Beide Kontrahenten kennen sich ob der vielen Berührungspunkte natürlich bestens. Marktsteft ist nicht nur Suchys Ansicht nach der Favorit und hat mehr Ambitionen nach oben als sein Klub, der gut dabei ist, den freien Fall von der Dritten Liga nach unten zu bremsen. „Wenn Marktsteft leugnet, dass sie nicht aufsteigen wollen, dann weiß ich nicht. Unser Ziel war, in erster Linie in dieser Liga Fuß zu fassen. Das schaut ganz gut aus“, bilanziert Radovan Suchy das erste Drittel der Runde und betont: Die momentane Bilanz mit zwei Niederlagen und Platz vier dürfe man nicht überbewerten. Zumal Rödelsee bislang kaum auf die vermeintlich Großen der Liga getroffen sei, so Suchy. Allerdings brauchen sich seine Verbliebenen nicht zu verstecken. Gerade die Abwehr erwies sich bislang als Prunkstück, mit Torhüter Thomas Paul, Christian Häckner und eben Suchy stehen dort drei Säulen aus höherklassigen Zeiten. Probleme bereite eher der Angriff.

Vilo Vitkovic ist nicht vollends zufrieden mit der Marktstefter Zwischenbilanz, weil sich in den ersten acht Partien bereits zwei Unentschieden eingeschlichen haben. Als zwei verlorene Punkte wertet er diese. „Damit müssen wir leben und weiterarbeiten. Aber bei uns sind vor allem spielerisch noch ein paar Prozent Luft nach oben.“ Die werden auch nötig sein, schließlich stehen mit der DJK Rimpar III und dem TSV Lohr II zwei Reservisten unerwartet weit oben.

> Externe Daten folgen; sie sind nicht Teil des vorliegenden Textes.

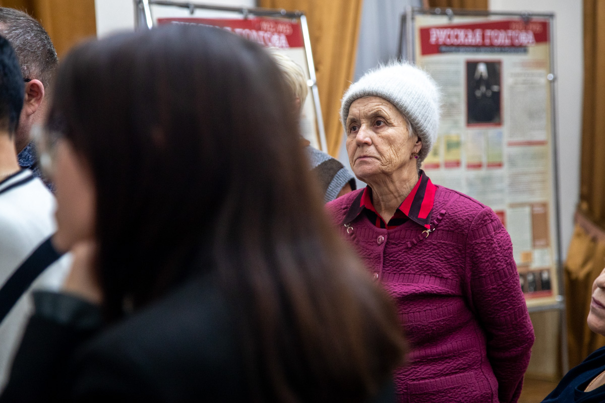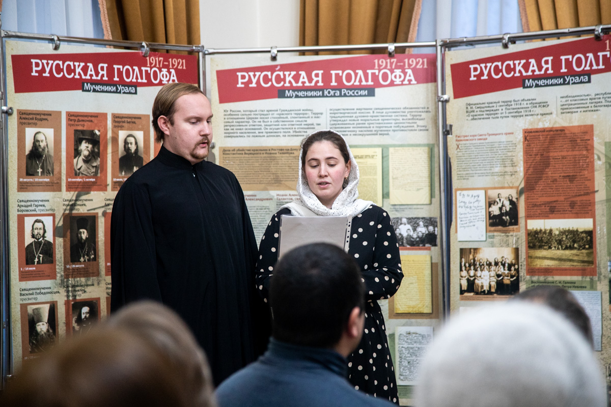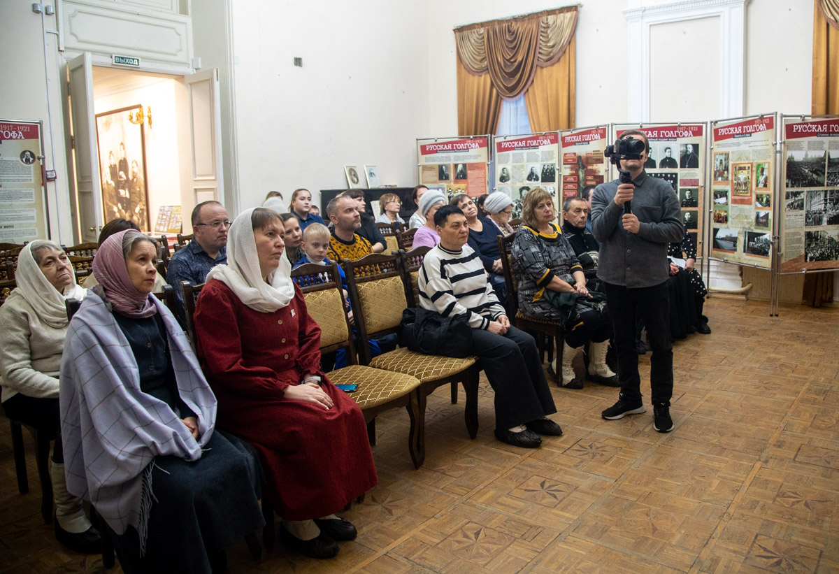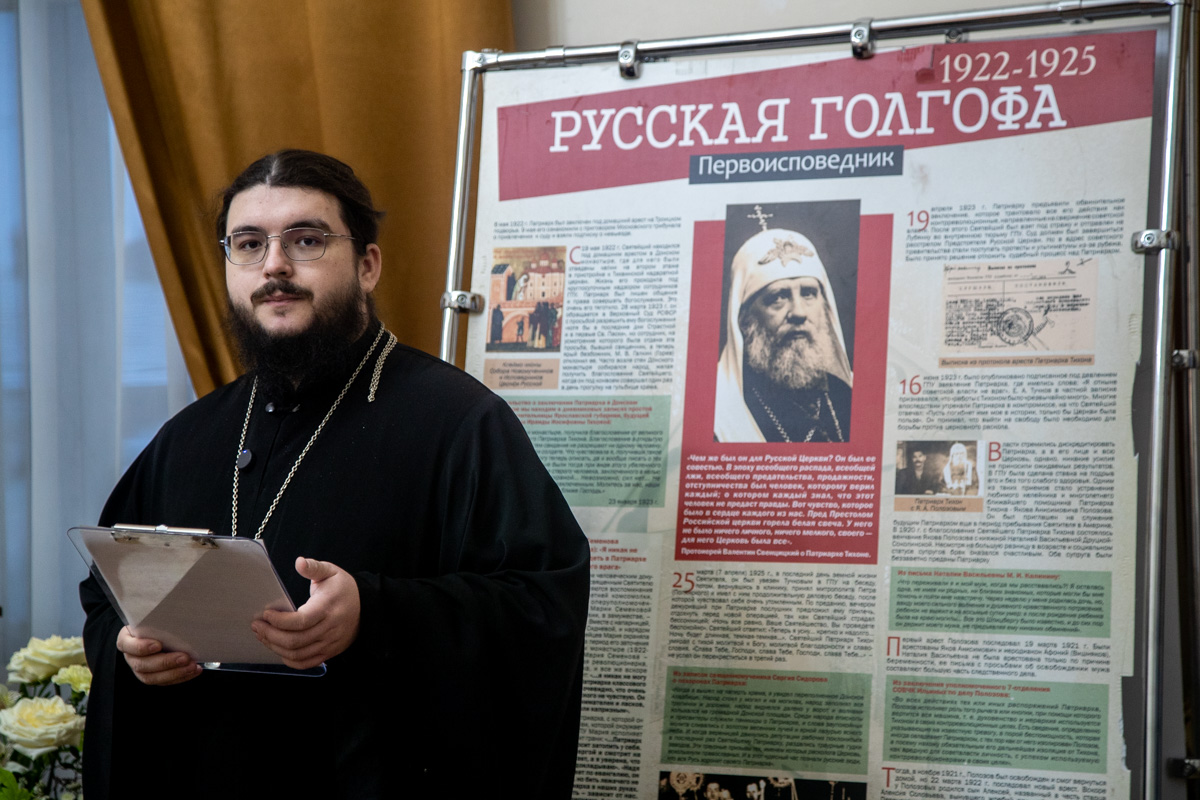 «Сегодняшний вечер посвящён памяти святителя и открытию выставки “Русская Голгофа”, которая переносит нас в ту эпоху, когда сама история говорила голосом трагедии, но и голосом беспримерной стойкости духа. Это годы, в которые Промысл Божий поставил у кормчего руля Русской Церкви святителя Тихона – пастыря кроткого, мудрого, мирного. Человека, которому в бурю было суждено стать камнем – и который действительно стал им», – сказал иерей Павел Силайчев, заместитель руководителя комиссии по канонизации святых, представляя экспозицию.

Was Vilo Vitkovic und Radovan Suchy am Gegner schätzen? Vitkovic nennt die Defensive mit den Torhütern als Rödelsees Plus. Suchy weiß, dass Marktstefts Stärken im Gegenstoß liegen. „Sie haben viele schnelle Leute wie Gabor Csorba oder Stefan Bayer und machen die einfachen Tore. Das ist die Gefahr“, meint Rödelsees Übungsleiter. Was sich beide Trainer vom Duell am Samstagabend erhoffen? „Ein kämpferisch und spielerisch gutes Spiel“, so Vitkovic. „Spannung“, hält sein Freund dagegen.